* [PROBLEM TO SOLVE] From the line containing "We spared no" to the final line of the entries, copy each line exactly. Pictures stay out.

### DATA EXCERPTS

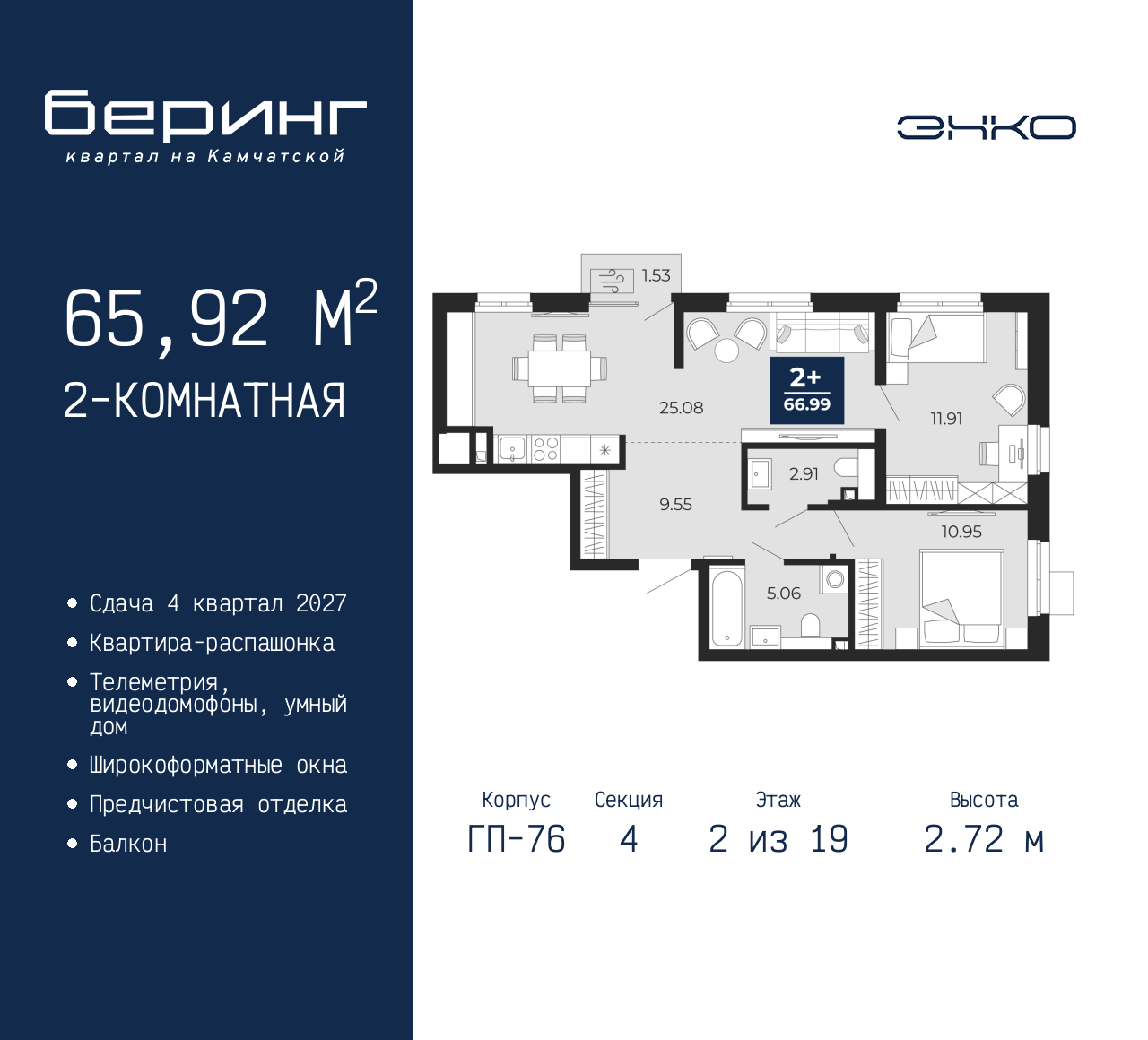 2-комн. квартира с предчистовой отделкой в ЖК "Беринг" на 2 этаже. Общая площадь: 65.92 кв.м., жилая: 25.01 кв.м., площадь просторной кухни-столовой: 21.98 кв.м. Квартира - распашонка, без проходных комнат, окна выходят на paзные стороны дома. В квартире один балкон, два совмещенных санузла. Высота потолков 2.72 м. Дом монолитный, черырехподъездный, переменной этажности, от 19 до 24 этажей. Квартира находится в 4-й секции высотой 19 этажей в корпусе ГП-76. На этаже 5 квартир. В подъезде 1 пассажирский и 1 грузовой лифт. Окончание строительства - 4 квартал 2027 года. Оформление сделки по договору долевого участия. Подобно знаменитому исследователю, мы чувствуем себя первооткрывателями этой локации. Хотим показать новую суть места, сформировать для вас жизненный опыт, которого ещё не было. Беринг — район зелёного цвета. Беринг — район, который откроется вам с другой стороны. Впечатлит новым уровнем комфорта и качеством жизни. Беринг — открытие на карте города. Первый квартал расположен в районе Тура, в границах улиц: Камчатская – Западносибирская – Энтузиастов. Вокруг уже есть всё для того, чтобы ежедневная рутина была лишь частью жизни и не доставляла дискомфорта. Школы и детские сады, магазины и аптеки, поликлиника, места для семейного отдыха, пеших и велопрогулок, и даже рыбалки. Масштабное озеленение дворов — визитная карточка ЭНКО и ваш оазис спокойствия, чтобы отвлечься от повседневности. Раскидистые деревья, кустарники, травы и цветы — осталось остановиться, вдохнуть и расслабиться, глядя на эту природную красоту. Стилистика подъездов продолжает концепцию Беринга, вдохновлённого Камчаткой: сдержанный, но при этом впечатляющий дизайн соседствует с удобством и функциональностью. (AQID02518327)
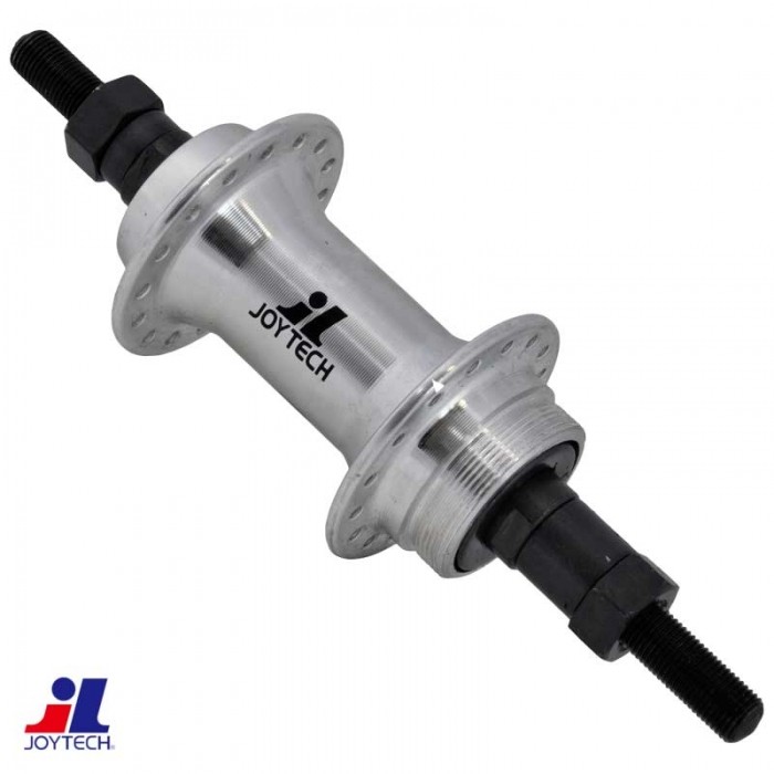 Piasta tylna JOYTECH. Aluminiowa. Przeznaczona do rowerów typu MTB/CITY. Oś: CrMo 3/8"x180mm na nakrętki. Szerokość: 135mm. Kulki. Gwint pod wolnobieg nakręcany. WAGA: ...gram.
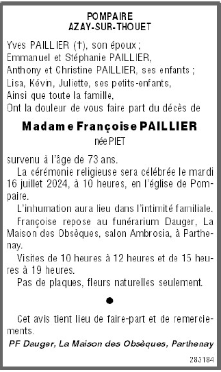 Cet espace « condoléances » est dédié à la mémoire de Madame Françoise PAILLIER née PIET.
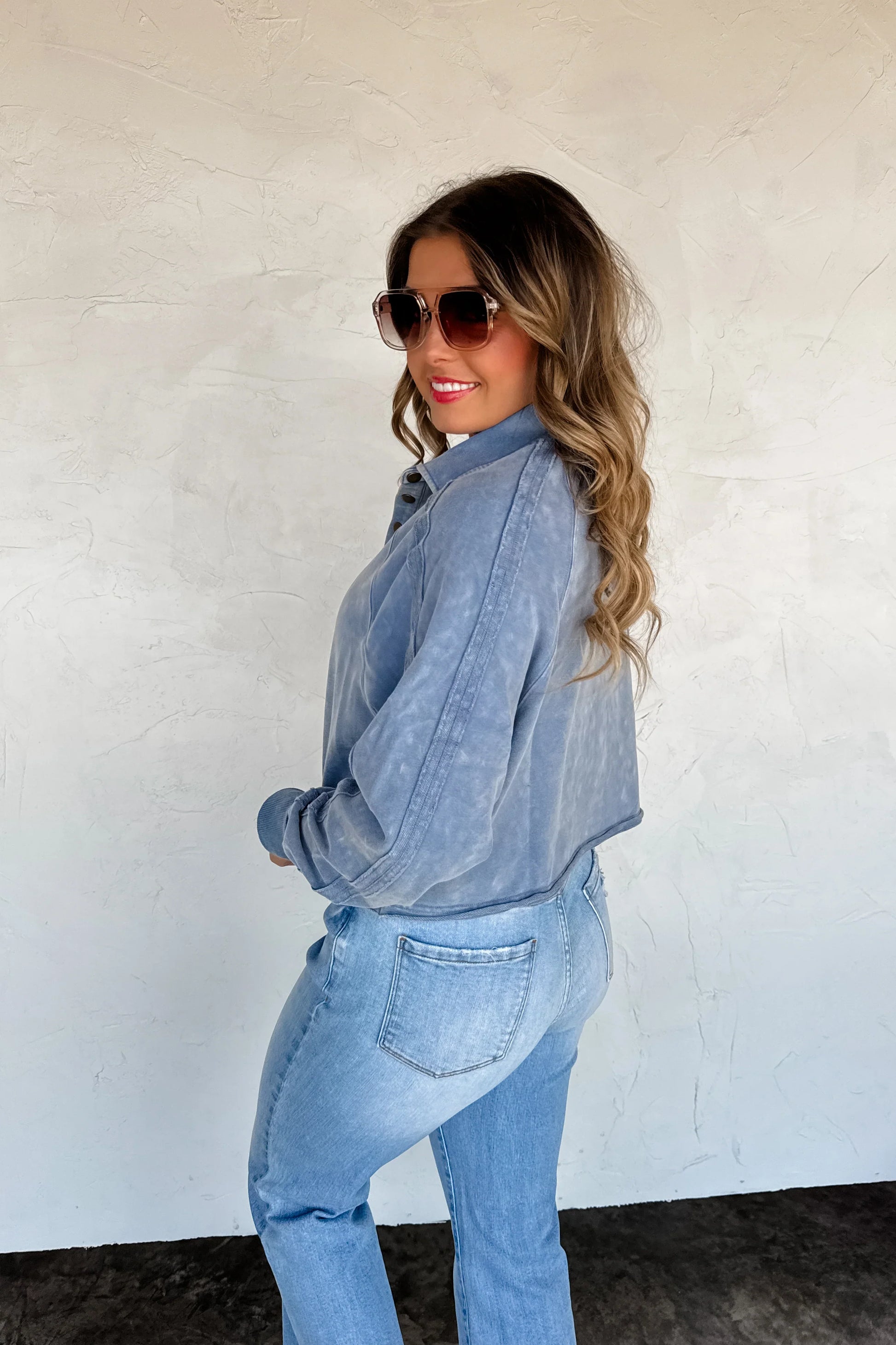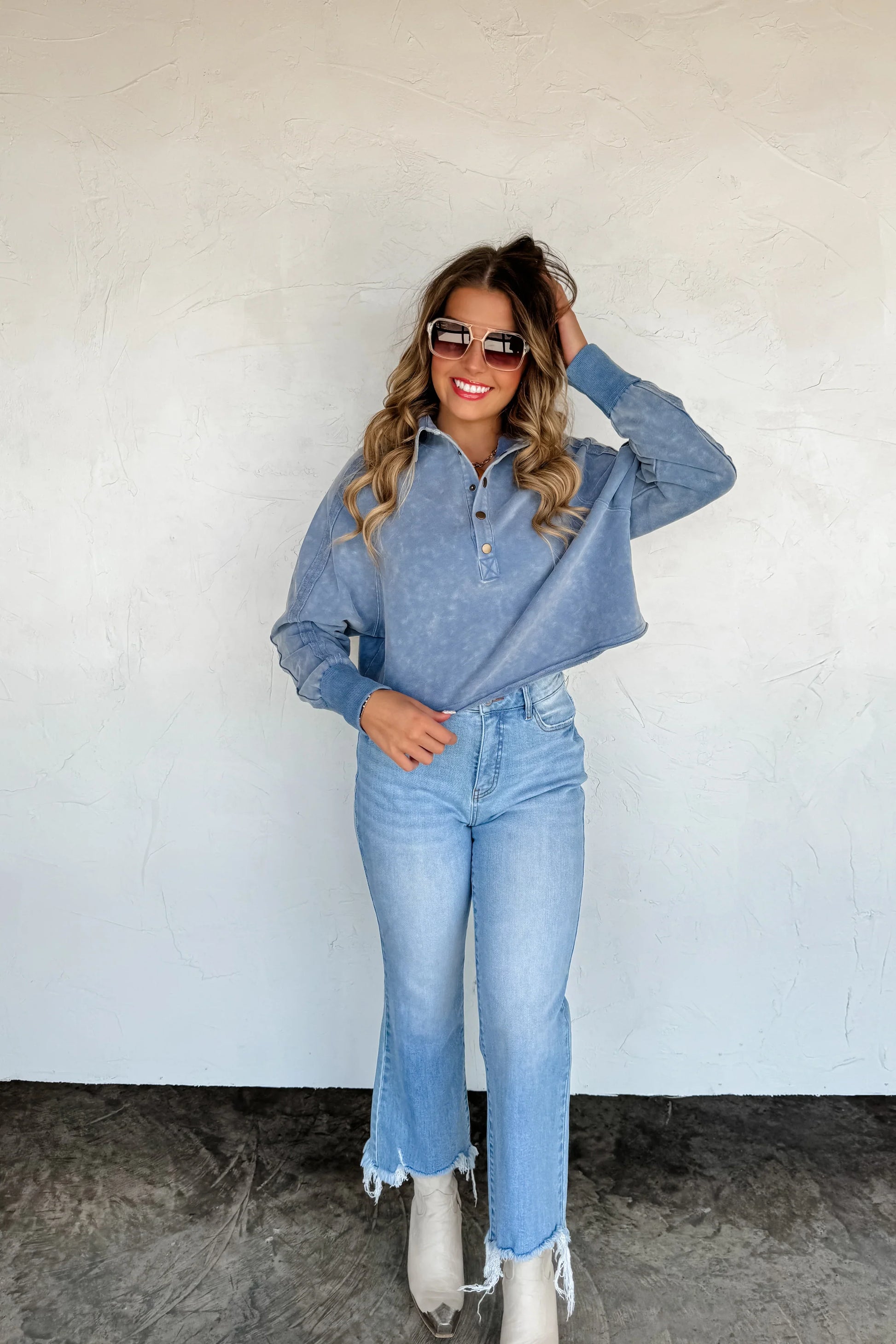 We spared no attention to detail in this raw hem/semi crop pullover! Such a relaxed, trendy look! Has a slouchy fit, vintage wash, exposed seaming and ribbed cuffs. Has super soft terry "sweatshirt" feel on the inside!
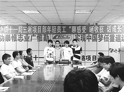 在中铁十一局四公司三淅项目部举办的“聊感受,晒收获,话成长”座谈会上,劳务派遣工张健(左一)应邀走上主席台,和测量队队长马明亮(左二)、测量员黄正江(右一)一起,“牵手实习生一起走”。
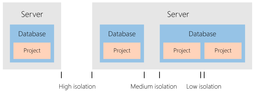 By separating data between different projects in the same database you can control the isolation through the user management within the client. By keeping the project data separated between databases but on the same server a higher level of isolation is achieved as there may be different database administrator passwords and that they are not stored in the same file on disk. However, the highest level of isolation is achieved by also separating the servers from each other.

######

* [EXPECTED ANSWER]
 We spared no attention to detail in this raw hem/semi crop pullover! Such a relaxed, trendy look! Has a slouchy fit, vintage wash, exposed seaming and ribbed cuffs. Has super soft terry "sweatshirt" feel on the inside!
 在中铁十一局四公司三淅项目部举办的“聊感受,晒收获,话成长”座谈会上,劳务派遣工张健(左一)应邀走上主席台,和测量队队长马明亮(左二)、测量员黄正江(右一)一起,“牵手实习生一起走”。
 By separating data between different projects in the same database you can control the isolation through the user management within the client. By keeping the project data separated between databases but on the same server a higher level of isolation is achieved as there may be different database administrator passwords and that they are not stored in the same file on disk. However, the highest level of isolation is achieved by also separating the servers from each other.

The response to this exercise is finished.